» **What this task involves**:
The entries below contain pictures, which are to be left out; write out exactly, and only, the lines from the line with "Toronto’s Bo Bichette" up to and including the line with "Высыпаем муку, разрыхлитель".

START Extracted entries

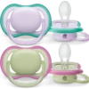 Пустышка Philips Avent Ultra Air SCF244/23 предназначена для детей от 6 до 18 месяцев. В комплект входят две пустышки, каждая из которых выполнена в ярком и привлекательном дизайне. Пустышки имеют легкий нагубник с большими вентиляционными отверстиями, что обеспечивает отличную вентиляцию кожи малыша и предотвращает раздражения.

END Extracted entries
START Extracted entries

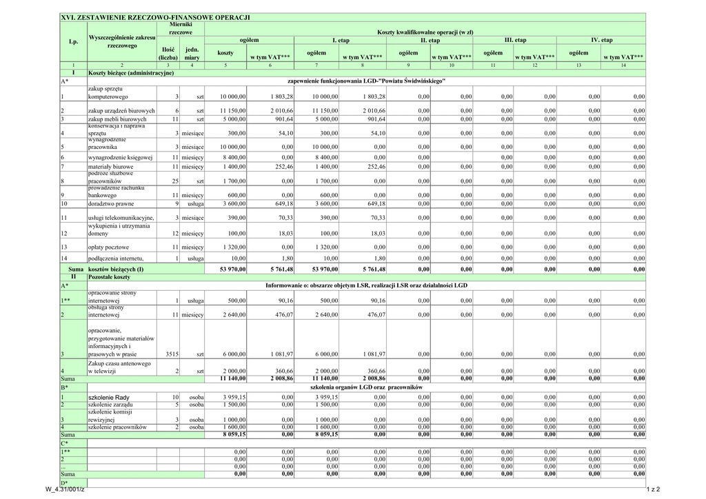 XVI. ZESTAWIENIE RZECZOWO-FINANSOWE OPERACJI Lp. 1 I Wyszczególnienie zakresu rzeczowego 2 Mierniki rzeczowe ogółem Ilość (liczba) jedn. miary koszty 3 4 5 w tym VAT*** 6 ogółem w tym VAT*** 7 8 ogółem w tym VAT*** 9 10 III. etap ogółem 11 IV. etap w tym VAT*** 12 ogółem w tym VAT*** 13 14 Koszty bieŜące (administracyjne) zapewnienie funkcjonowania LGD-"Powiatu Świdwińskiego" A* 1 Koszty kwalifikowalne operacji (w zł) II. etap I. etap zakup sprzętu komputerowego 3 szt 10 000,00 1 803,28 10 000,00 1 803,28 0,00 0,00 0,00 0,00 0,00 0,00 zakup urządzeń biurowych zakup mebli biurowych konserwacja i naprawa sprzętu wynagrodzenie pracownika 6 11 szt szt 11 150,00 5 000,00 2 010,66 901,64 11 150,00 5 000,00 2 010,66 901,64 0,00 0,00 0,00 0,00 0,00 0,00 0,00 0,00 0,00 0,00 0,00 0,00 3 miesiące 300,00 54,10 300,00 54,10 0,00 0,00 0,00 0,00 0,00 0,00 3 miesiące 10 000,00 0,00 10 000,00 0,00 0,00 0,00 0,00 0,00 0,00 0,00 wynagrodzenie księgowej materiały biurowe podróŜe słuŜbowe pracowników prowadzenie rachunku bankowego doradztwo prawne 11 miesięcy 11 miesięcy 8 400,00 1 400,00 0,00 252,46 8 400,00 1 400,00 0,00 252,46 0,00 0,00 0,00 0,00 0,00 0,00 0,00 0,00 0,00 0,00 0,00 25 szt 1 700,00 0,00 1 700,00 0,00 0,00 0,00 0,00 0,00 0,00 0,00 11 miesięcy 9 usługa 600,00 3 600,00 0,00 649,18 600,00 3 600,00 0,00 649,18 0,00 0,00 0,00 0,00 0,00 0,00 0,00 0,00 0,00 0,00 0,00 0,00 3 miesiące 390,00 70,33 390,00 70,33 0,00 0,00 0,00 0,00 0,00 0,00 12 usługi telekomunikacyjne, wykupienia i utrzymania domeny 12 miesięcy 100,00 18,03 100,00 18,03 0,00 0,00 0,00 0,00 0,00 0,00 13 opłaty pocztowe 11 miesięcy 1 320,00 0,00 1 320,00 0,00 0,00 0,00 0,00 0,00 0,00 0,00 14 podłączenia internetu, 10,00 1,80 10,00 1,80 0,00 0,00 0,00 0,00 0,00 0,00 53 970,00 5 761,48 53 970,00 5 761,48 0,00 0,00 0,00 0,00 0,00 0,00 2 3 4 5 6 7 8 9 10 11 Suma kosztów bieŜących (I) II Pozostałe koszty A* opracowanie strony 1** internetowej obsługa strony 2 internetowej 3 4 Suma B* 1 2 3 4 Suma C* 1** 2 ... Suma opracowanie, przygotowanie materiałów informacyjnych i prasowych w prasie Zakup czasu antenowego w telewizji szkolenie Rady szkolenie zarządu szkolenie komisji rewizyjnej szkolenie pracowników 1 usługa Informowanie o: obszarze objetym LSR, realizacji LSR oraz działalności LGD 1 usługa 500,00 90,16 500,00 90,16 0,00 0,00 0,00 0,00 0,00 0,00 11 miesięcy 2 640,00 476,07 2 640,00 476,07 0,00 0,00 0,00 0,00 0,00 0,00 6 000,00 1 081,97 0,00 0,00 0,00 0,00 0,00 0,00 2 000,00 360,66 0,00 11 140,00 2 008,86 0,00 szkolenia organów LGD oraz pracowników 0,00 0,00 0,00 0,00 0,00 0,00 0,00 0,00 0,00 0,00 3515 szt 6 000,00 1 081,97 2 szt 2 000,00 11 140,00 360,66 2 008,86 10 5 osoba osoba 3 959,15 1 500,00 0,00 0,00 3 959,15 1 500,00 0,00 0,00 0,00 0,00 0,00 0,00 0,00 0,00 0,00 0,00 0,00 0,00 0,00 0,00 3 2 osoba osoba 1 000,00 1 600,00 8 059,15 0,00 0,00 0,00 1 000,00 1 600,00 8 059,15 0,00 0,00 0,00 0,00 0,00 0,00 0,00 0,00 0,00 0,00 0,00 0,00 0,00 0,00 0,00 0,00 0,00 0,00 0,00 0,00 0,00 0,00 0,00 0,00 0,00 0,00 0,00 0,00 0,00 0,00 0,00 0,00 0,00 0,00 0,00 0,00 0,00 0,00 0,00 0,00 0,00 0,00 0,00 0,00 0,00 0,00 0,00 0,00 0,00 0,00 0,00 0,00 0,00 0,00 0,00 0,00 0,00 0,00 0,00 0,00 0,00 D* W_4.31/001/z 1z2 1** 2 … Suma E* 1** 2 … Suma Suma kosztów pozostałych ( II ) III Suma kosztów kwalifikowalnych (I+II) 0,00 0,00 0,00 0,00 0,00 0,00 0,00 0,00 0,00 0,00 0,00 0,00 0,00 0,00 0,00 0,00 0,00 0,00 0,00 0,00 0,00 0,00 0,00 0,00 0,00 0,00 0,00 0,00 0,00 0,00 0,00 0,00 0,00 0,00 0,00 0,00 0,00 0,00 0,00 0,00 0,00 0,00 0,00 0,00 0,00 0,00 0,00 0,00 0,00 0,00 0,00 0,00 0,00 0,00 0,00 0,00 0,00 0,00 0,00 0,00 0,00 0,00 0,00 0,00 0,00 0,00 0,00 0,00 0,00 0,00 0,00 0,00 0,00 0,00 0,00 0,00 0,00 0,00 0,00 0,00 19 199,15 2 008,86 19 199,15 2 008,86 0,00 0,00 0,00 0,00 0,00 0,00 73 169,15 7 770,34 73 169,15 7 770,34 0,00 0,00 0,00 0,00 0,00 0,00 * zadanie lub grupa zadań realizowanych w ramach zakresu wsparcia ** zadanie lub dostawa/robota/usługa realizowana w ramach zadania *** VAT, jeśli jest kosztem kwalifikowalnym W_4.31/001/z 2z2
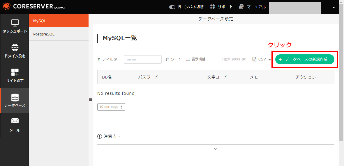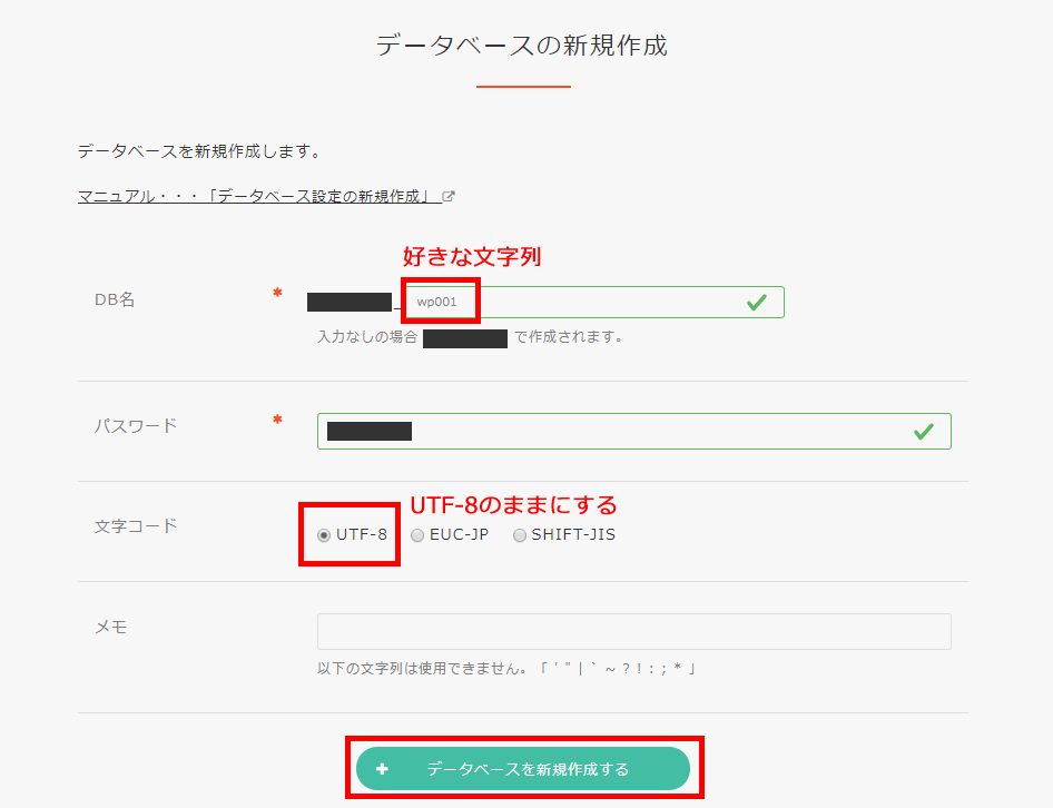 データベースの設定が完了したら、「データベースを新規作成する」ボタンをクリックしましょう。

END Extracted entries
START Extracted entries

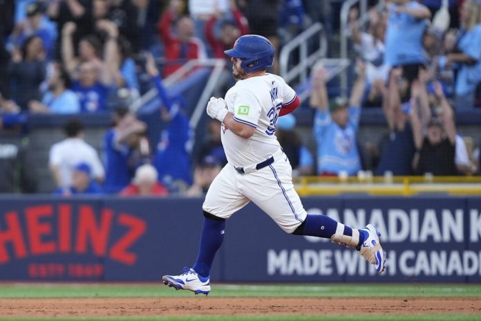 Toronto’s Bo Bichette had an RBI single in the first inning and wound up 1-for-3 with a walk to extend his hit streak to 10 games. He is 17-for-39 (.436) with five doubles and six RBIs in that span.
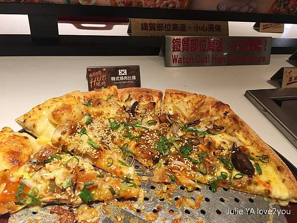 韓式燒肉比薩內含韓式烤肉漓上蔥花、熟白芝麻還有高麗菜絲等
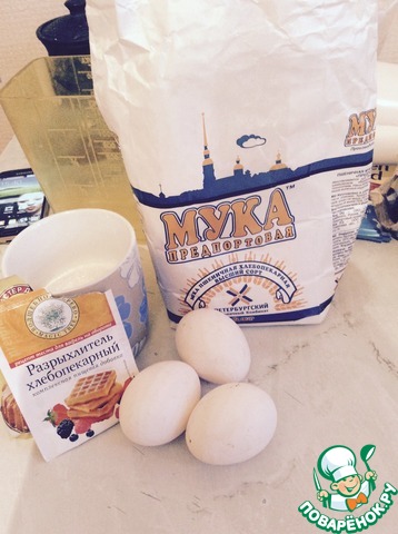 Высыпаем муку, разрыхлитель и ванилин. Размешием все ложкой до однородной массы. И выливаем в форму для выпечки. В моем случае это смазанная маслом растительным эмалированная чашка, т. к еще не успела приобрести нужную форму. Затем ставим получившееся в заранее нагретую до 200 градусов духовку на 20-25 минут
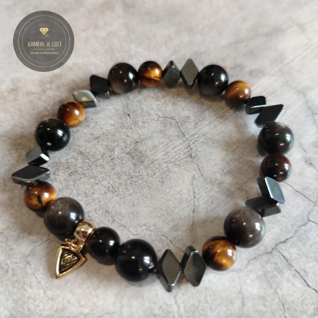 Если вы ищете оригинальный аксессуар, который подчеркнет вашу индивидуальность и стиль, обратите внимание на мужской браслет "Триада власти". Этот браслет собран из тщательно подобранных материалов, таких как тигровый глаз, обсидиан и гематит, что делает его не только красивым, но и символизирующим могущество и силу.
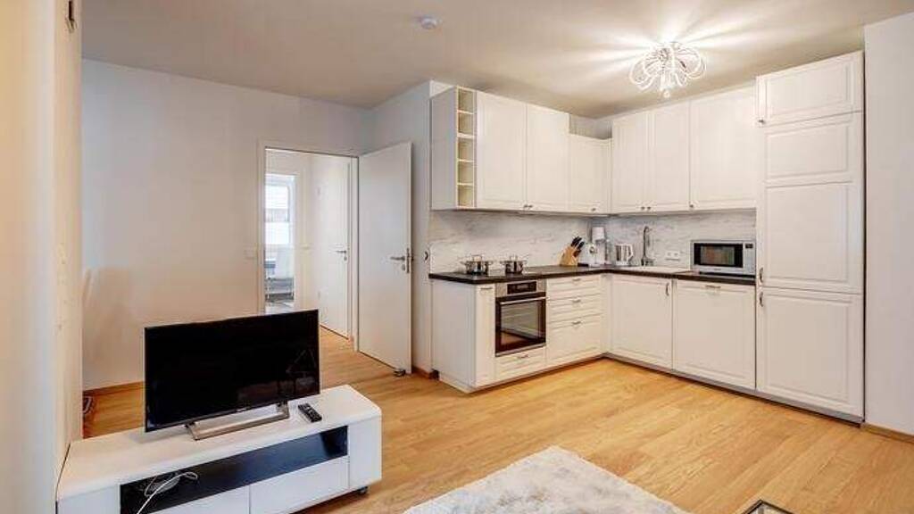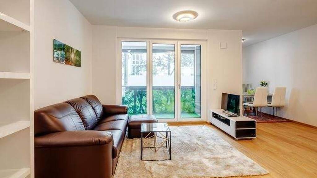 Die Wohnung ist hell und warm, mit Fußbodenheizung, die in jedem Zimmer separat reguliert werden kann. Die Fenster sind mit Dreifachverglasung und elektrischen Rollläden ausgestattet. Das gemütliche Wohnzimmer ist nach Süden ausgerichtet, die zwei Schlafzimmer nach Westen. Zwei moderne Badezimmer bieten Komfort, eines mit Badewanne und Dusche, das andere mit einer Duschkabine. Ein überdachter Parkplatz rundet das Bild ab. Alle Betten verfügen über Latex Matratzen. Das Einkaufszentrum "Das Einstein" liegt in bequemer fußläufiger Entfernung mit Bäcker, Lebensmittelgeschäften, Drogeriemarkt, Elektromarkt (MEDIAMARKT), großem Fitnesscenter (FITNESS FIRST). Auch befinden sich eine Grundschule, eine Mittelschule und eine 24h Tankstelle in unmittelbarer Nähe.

END Extracted entries

» **Response to the task**:
 Toronto’s Bo Bichette had an RBI single in the first inning and wound up 1-for-3 with a walk to extend his hit streak to 10 games. He is 17-for-39 (.436) with five doubles and six RBIs in that span.
 韓式燒肉比薩內含韓式烤肉漓上蔥花、熟白芝麻還有高麗菜絲等
 Высыпаем муку, разрыхлитель и ванилин. Размешием все ложкой до однородной массы. И выливаем в форму для выпечки. В моем случае это смазанная маслом растительным эмалированная чашка, т. к еще не успела приобрести нужную форму. Затем ставим получившееся в заранее нагретую до 200 градусов духовку на 20-25 минут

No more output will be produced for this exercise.